ETHICS

Where has the practice and learned art of being a good person gone? Wilber et al contend,

Integral Ethics, like any decent ethics, is the art of being a good person. It’s the practice of goodness in our everyday lives and includes all the ways of being truthful, authentic, caring, and courageous that continue our basic integrity. Integral Ethics also refers to the dimension of our lives where we must make difficult and complicated choices and nuanced judgments about what is right and wrong, acceptable and unacceptable, and quite often, unavoidably ambiguous. It’s where we must grapple with moral dilemmas, in politics, sexuality, health, relationships, work, money, and sometimes life and death situations. (Wilber, Patten, Leonard, Morelli, Integral Life Practice: A 21st Century Blueprint for Physical Health, Emotional Balance, Mental Clarity, and Spiritual Awakening, 2008, Boulder, CO: Integral, 255)

Every day the headlines scream about the serious lack of ethics being clearly displayed by President Donald Trump and associates in the political arena. Most recently, the Epstein Files have dominated news media, simply unethical behavior by many folks…DOJ meets with Epstein associate for second day; Attorney General Pam Bondi told Trump his name appears in the so-called Epstein files during a May briefing; White House pushes back after reports Trump is named in Epstein files; The Epstein Files timeline raises real questions for Trump; House Democrats launch bid to subpoena Justice Department for Epstein files; White House tightens its grip on Jeffrey Epstein messaging; A timeline of how the Epstein controversy became a headache for Trump…and the unethical saga goes on…distractions, cover ups, lies, conspiracy, self-serving and certainly not ethical behavior, and simply not a single peep that will benefit the country.…

Wilber et al, offer,

The short-term costs of unethical behavior are unhappy, contracted, and unskillful states of mind and emotion. The long-term costs of unethical behavior are worse—a vicious cycle of lies, self-contempt, and denial that erodes the foundation of our integrity and virtue. (Wilber et al, Integral Life Practice: A 21st Century Blueprint for Physical Health, Emotional Balance, Mental Clarity, and Spiritual Awakening, 2008, Boulder, CO: Integral, 273)

Terrence Real offers relational counsel,

FIVE CORE SELF-SKILLS, relational skills, for a well-adjusted, well-functioning person.

  • Self-Esteem

Dysfunction: shame grandiosity.

  • Self-Awareness

Dysfunction: disassociation; perfectionism.

  • Good Boundaries

Dysfunction: too porous (reactive); walled off (disengaged).

  • Interdependence

Dysfunction: overdependence; antidependent; needless; wantless.

  • Moderation

Dysfunction: immature (too “loose”); supermature (too “tight”).

(Terrence Real, How Can I Get Through to You, 2002. NY, NY: SCRIBNER, 203-204)

Ethics is an opportunity for joy, happiness, empathy, and freedom.
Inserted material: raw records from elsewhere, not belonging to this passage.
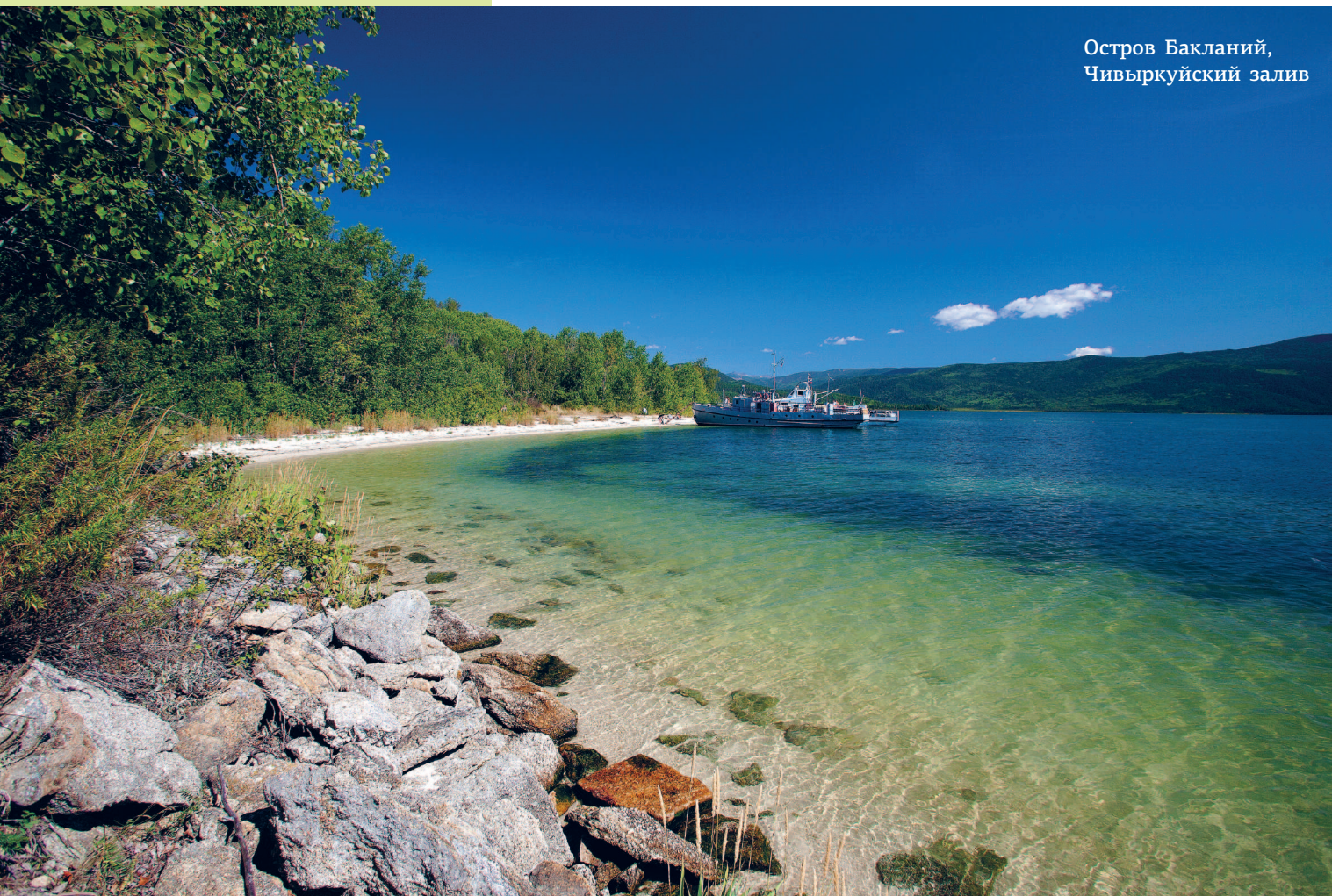
Остров Бакланий, Чивыркуйский залив

В Приольхонье (Тажеранская степь и побережье Малого моря) и на западном побережье о. Ольхон распространены массивы реликтовых степей, остатки сухих степей монгольского типа, когда-то в далеком прошлом широко распространенных в Сибири. Степные сообщества Ольхона и Приольхонья — уникальные природные образования, и именно здесь произрастает самое большое на побережье Байкала количество редких, реликтовых и эндемичных растений, многие из которых включены в Красную книгу России и Красную книгу Иркутской области.
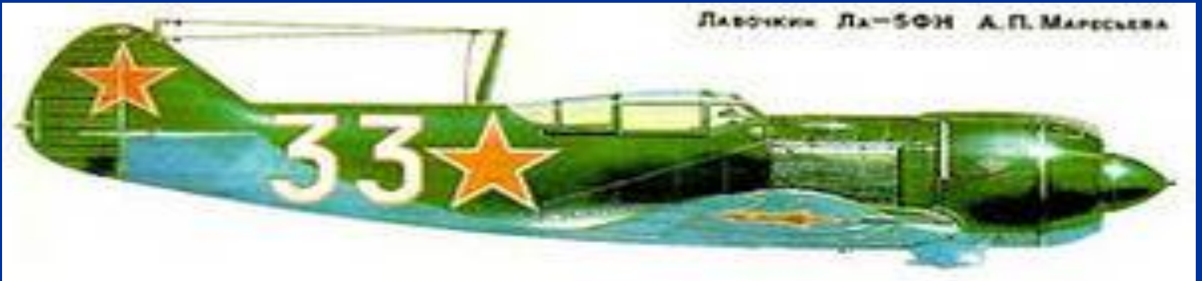
Лавочкин Ла-5ФН А.П. Маресьева
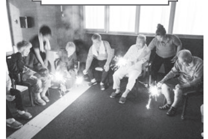
ひなた・いっぷく花火大会
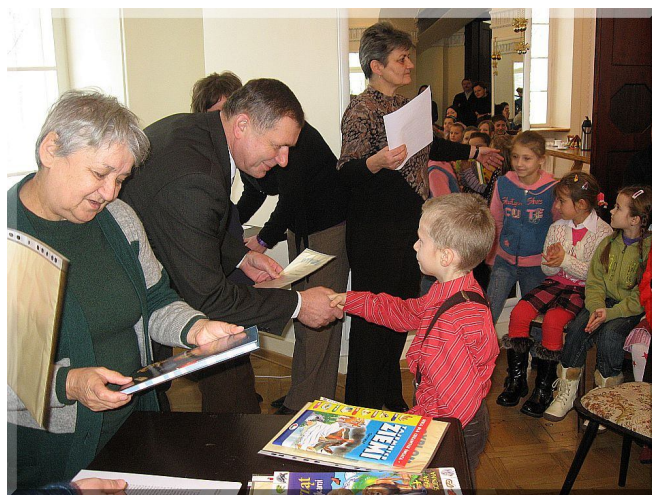
Wręczenie nagród uczestnikom konkursu
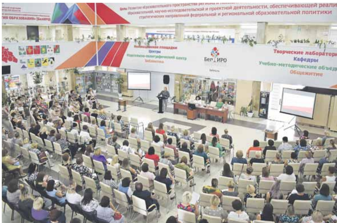
Современный, методически и технологически оснащённый центр непрерывного образования
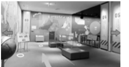
▲デジタル地震防災センターの完成イメージ
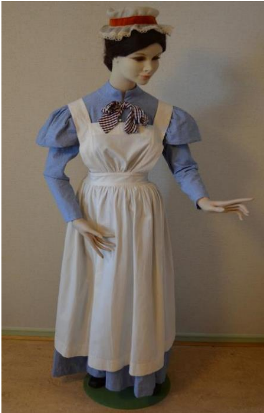
Kuvio 1. Kätilön työpuku. Sairaalakäytössä 1800-luvulla.

Sinivalkoruudullinen täyspitkähaku. Pitkät puhvihihat. Asuun kuuluu valkoinen esiliina ja ruudullinen silkkinen kaularusetti. Kuvattu Hoitotyön koulutuksen museo.
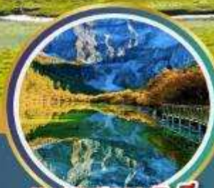
ทะเลสาบ 5 สี
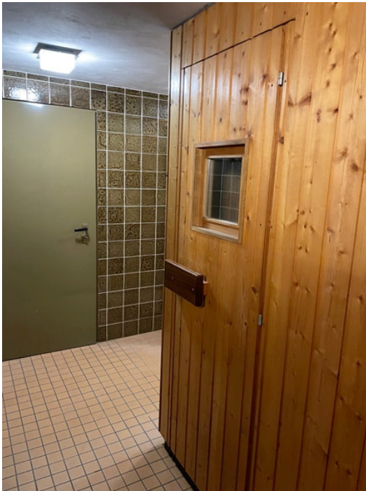
Sauna- u. Duschbereich im Keller
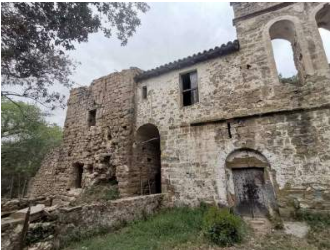
Façana sud del conjunt amb la torre consolidada
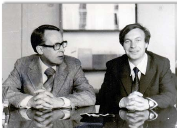
Фото 1. Известный финский логик Якко Хинтика с В.В. Целищевым (директор ИФПР СО РАН с 1997 г. по 2017 г.).

Философия была представлена исследованиями в трех направлениях: логика и теория познания, методология и философия науки, история философии. Каждое из этих направлений быстро обрело специфику и профиль, ориентированные на мировые тренды. Специфика состояла в том,
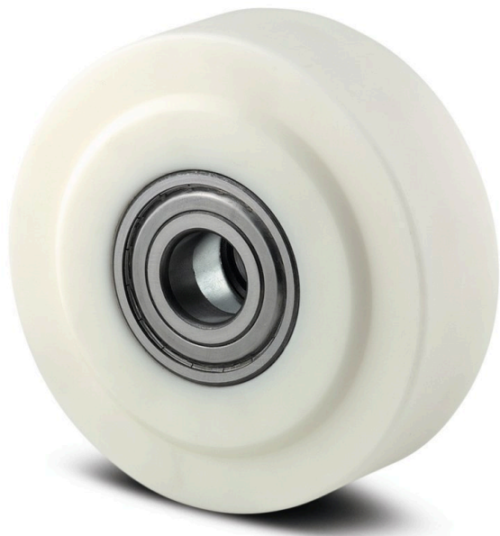
Attēls var atšķirties no oriģinālā produkta
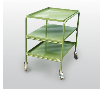
Tischblatt und Tablare in Stahlblech Plateau supérieur et tablar en tôle d'acier
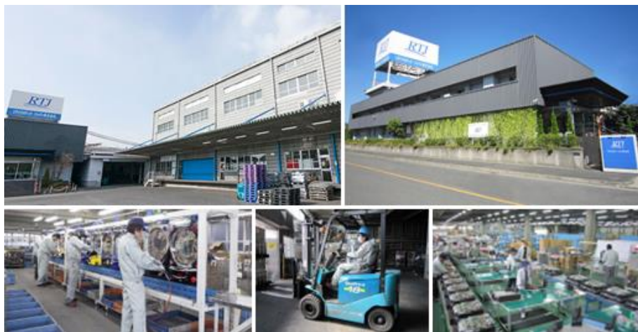
培ったリユース・リサイクル技術を通し、将来の地球環境を護り、循環型社会を創造することをミッションとして活動しています。

(リサイクルテック・ジャパン: https://www.r-t-j.co.jp/corporate/ir.html )
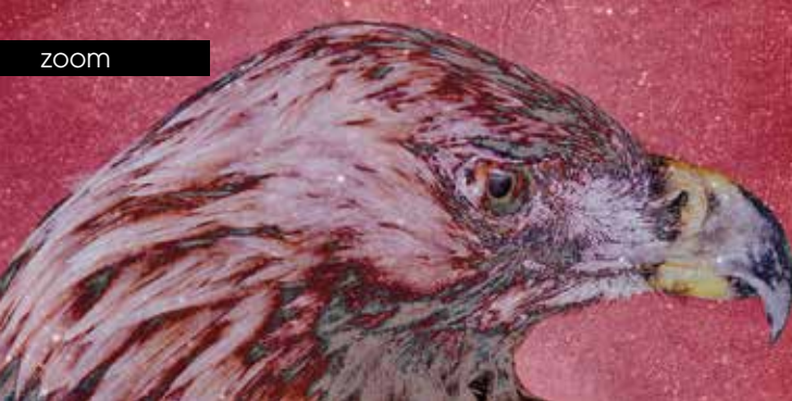
► ZOO Parallax
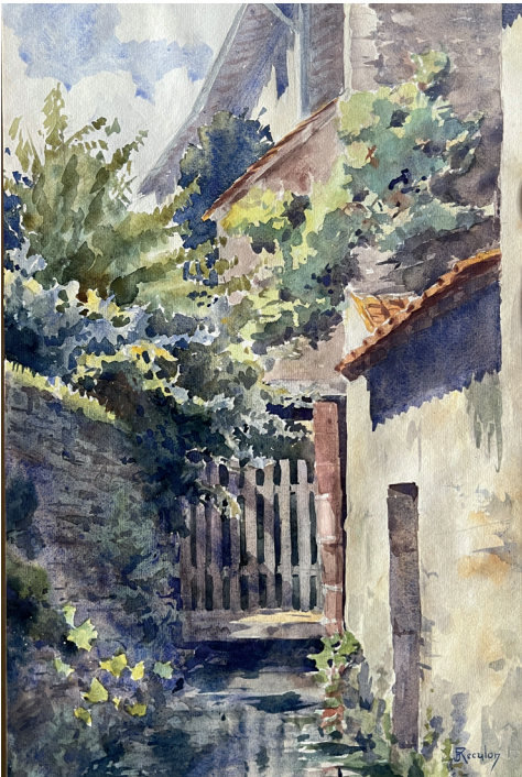
Bief du Potet, près du moulin Cornillat (vers 1910, par Reculon) © Ville de Tournus

Ce puits porte le nom d'un célèbre tableau de J.-B. Greuze : La Cruche cassée . Situé à un croisement de routes importantes, il possède la particularité d'avoir une double entrée : une ouverture côté rue qui servait aux habitants à s'approvisionner en eau et une autre privée, côté jardin, offrant au propriétaire de la maison l'accès à l'eau pour son usage domestique. La légende veut qu'un soir J.-B. Greuze se promenant dans les rues de Tournus aperçut, sur le rebord du puits, un couple de jeunes tourtereaux se laissant aller au plaisir de la vie... Son tableau, conservé au musée de Louvre, représente ainsi une jeune femme, tenant une cruche cassée, allégorie de la perte de l'innocence.
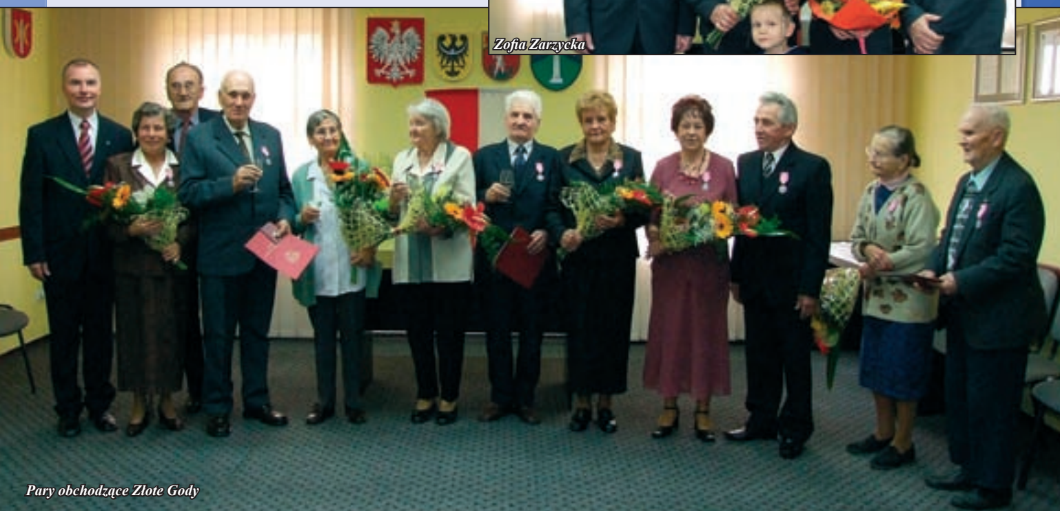
Pary obchodzące Złote Gody
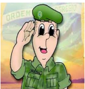
Yan Pimentel, n.º 21
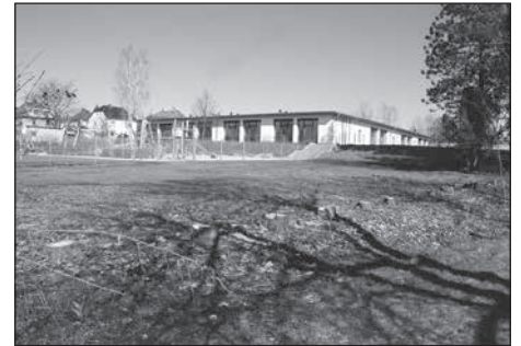
Auf der freien Fläche neben der Grundschule Bretnig entstehen neue Umkleiden für Schule und Sport.
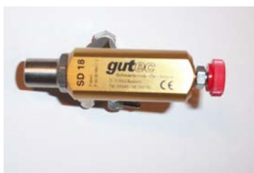
Sprühkopf Typ SD 18

Fasspumpe mit: - Ansaugrohr, Normfass 200 Liter - Eingebauter Schwimmerschalter, 3 Kontakte
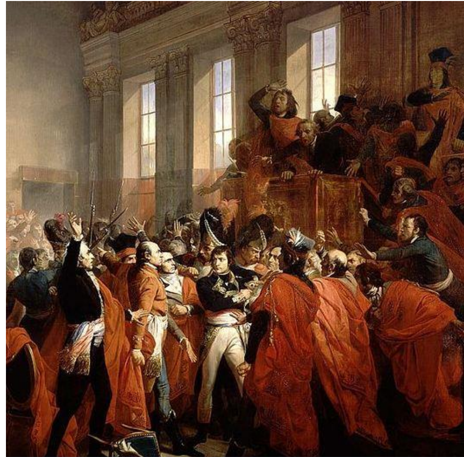
Abucheo el 18 de brumario
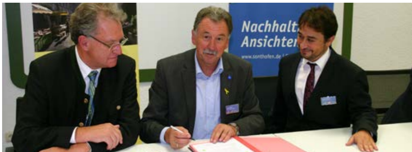
Fotografija: mesto Sonthofen

Konvencija županov je v nekaterih alpskih mestih že postala sestavni del politike: Annecy, Bolzano in Chambéry so člani te pobude že nekaj let in so tudi pripravili akcijske načrte za trajnostno oskrbo z energijo, ki vodijo v doseganje ciljev energetske-podnebnega svežnja 20-20-20 do leta 2020. Sonthofen in Idrija sta leta 2012 podpisala Konvencijo županov in v prvem koraku izdelala pregledno shemo o tem, kje in kolikšne količine izpustov CO 2 načrtujeta. Pred kratkim pa so tudi iz Bad Reichenhalla sporočili, da se nameravajo pridružiti omenjenim petim alpskim mestom.
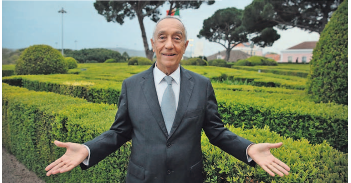
El presidente de Portugal recibe el Premio en su 60.ª edición. Le será entregado en una ceremonia en el último trimestre del año. MARCOS MÍGUEZ

Constituyeron el jurado las siguientes personas: Santiago Rey Fernández-Latorre, presidente de la Fundación; Rober-
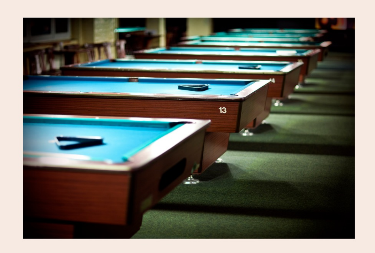
laðan laða Áamgwilas
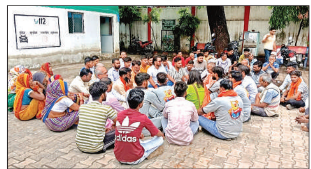
भोगनीपुर कोतवाली में हनुमान चालीसा पाठ करते विहिप व बजरंग दल पदाधिकारी।

● युवक और युवती को बरामद कर पूछताछ कर रही पुलिस
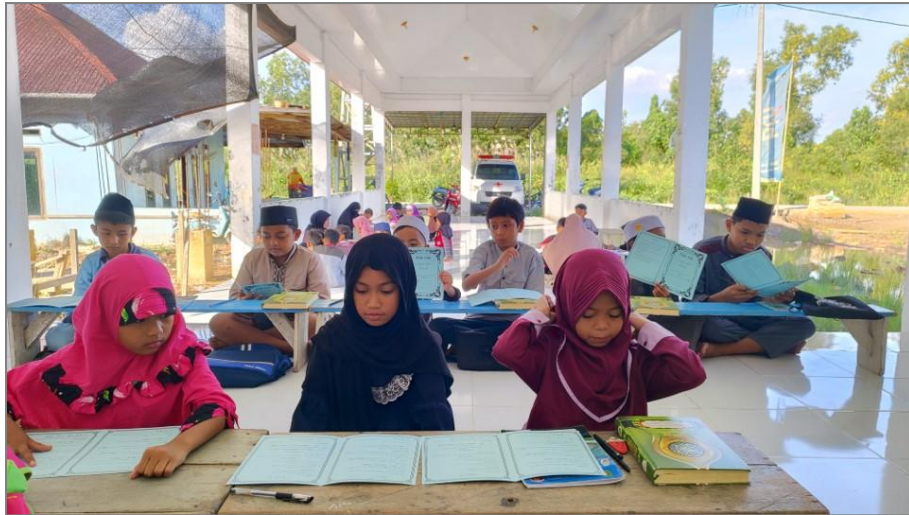
Gambar 3. Pembagian Buku Saku Tajwid

Kegiatan Pembagian dan Penerapan Buku Saku Tajwid , muatan materi yang telah disederhanakan oleh pengajar, kemudian dibentuknya format materi ke dalam bentuk buku saku yang sederhana, tipis, mudah dibawa dengan tetap memuat materi yang berkualitas sesuai hukum tajwid dan contohnya.
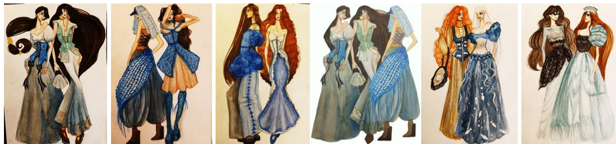
Рисунок 6. Эскизная коллекция (авторское)

На основе сформированной концепции и общего анализа современных модных трендов были созданы художественные эскизы (рис. 6).
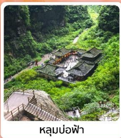
หลุมบ่อฟ้า
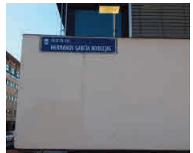
Una de las placas de Hermanos García Noblejas
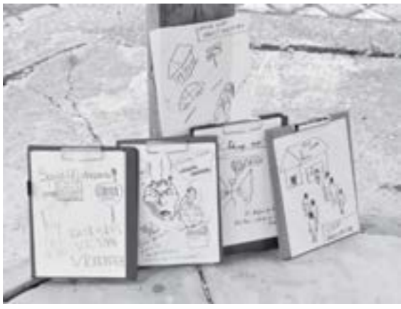
Materiale pe tema prevenirii furturilor din locuințe și mașini
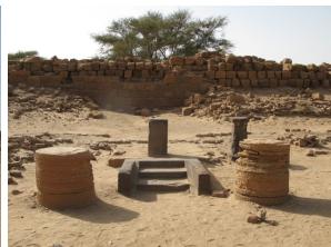
Königliche Stadt von Meroe
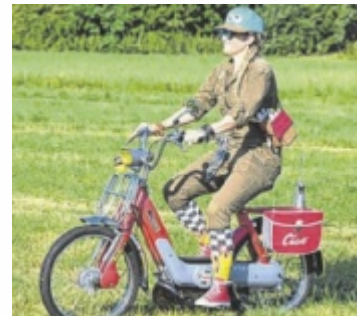
Beim 17. Wadholz Classic in Unterstetten gibt es zahlreiche Oldtimer zu bestaunen.

Autos, Motorräder, Traktoren, Busse und sogar Feuerwehrfahrzeuge aus vergangenen Jahrzehnten sorgen am Sonntag, 21. Juli, in Tollet für leuchtende Augen. Den Höhepunkt der Veranstaltung bildet die Rallye-Ausfahrt, die um 10 Uhr auf offenen Straßen durch das Hausruckviertel führt. Entlang dieser Tour gilt es, Stationen mit lustigen Spielen und Bewerben zu bestreiten. Die Oldtimer können außerdem beim Frühschoppen vor dem Feuerwehrhaus der FF Unterstetten, die als Veranstalter
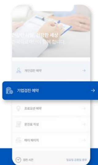
STEP 02 기업검진 예약 클릭
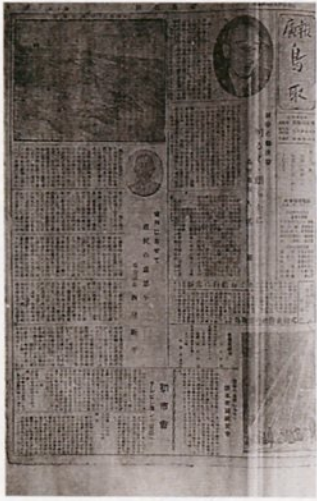
広報鳥取創刊号(タブロイド判) (昭和27年1月30日号)

市報は、昭和二十七年一月、一月までは、タブロイド判で百八「廣報鳥取」として創刊され、平成四年四月一日号で通算六百号を迎えます。発刊早々の二十七年四月、鳥取大火に見舞われたため、四月・五月号を休刊。しかし、六月には復刊し、以後、毎月一回のペースで発行しました。 市報は、昭和二十七年一月、一月までは、タブロイド判で百八「廣報鳥取」として創刊され、平成四年四月一日号で通算六百号を迎えます。発刊早々の二十七年四月、鳥取大火に見舞われたため、四月・五月号を休刊。しかし、六月には復刊し、以後、毎月一回のペースで発行しました。 創刊号から百七号（三十六年三月）までは、タブロイド判で百八号（三十六年四月）からはB5判になり、タイトルが「とっとり市報」となりました。さらに二百十六号（四十五年四月）からはA4判となり、三百四十八号（五十六年四月）の表紙が初めてカラー化されました。三百六十号（五十七年四月）からは、五月二回の発行となりました。五百三十号（平成元年五月）から一日号に二色刷りを採用。五百五十五号（二年五月）からは、五日号の中ページも二色刷りとなりました。
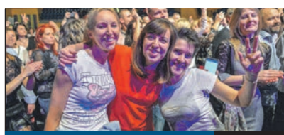
VIDÁM RETRO MŰSOR

AZ INFRASTRUKTURÁLIS fejlesztések között a közlekedés biztonságosabbá tétele és a parkolóhelyek számának növelése legalább olyan fontos feladat a XVIII. kerületi önkormányzat számára, mint az utakkal, járdákkal összefüggő beruházások, hiszen ezek egyformán érintik mind a gyalogosokat, mind az autóval közlekedőket mindennapjaikat.
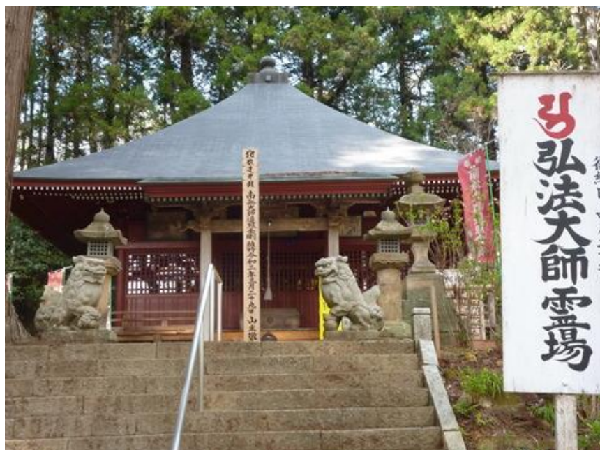
「大師堂」 戦火で焼け残った柱で堂宇を築いたと言う
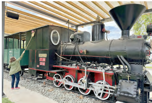
Uređen je i Guco
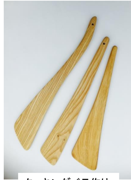
クッキングペラ作り
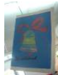
Ciudad de El Ejido El Ejido (Almería)
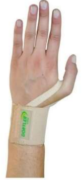
10281-Munhequeira elástica regulável-U D-305 bege
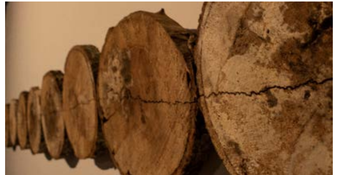
Texturas descompuestas del caos , 2019. Talla sobre rodajas de tronco de árbol 30 cm x 430 cm.
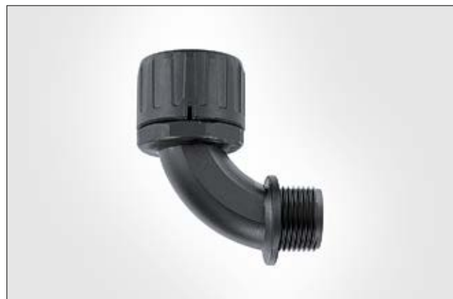
HelaGuard HG-90 90°-Verschraubung mit Außengewinde.

And it is not a matter of recasting the entrenched sense into dutiful obedience. Synchronize the heart and the mind and reach out for others in a heartfelt, caring, helping, serving, and loving manner. Quality relational skills matter, and gratitude, trust, hope and compassion can become a way of life. Life is simply practice and every experience has a purpose.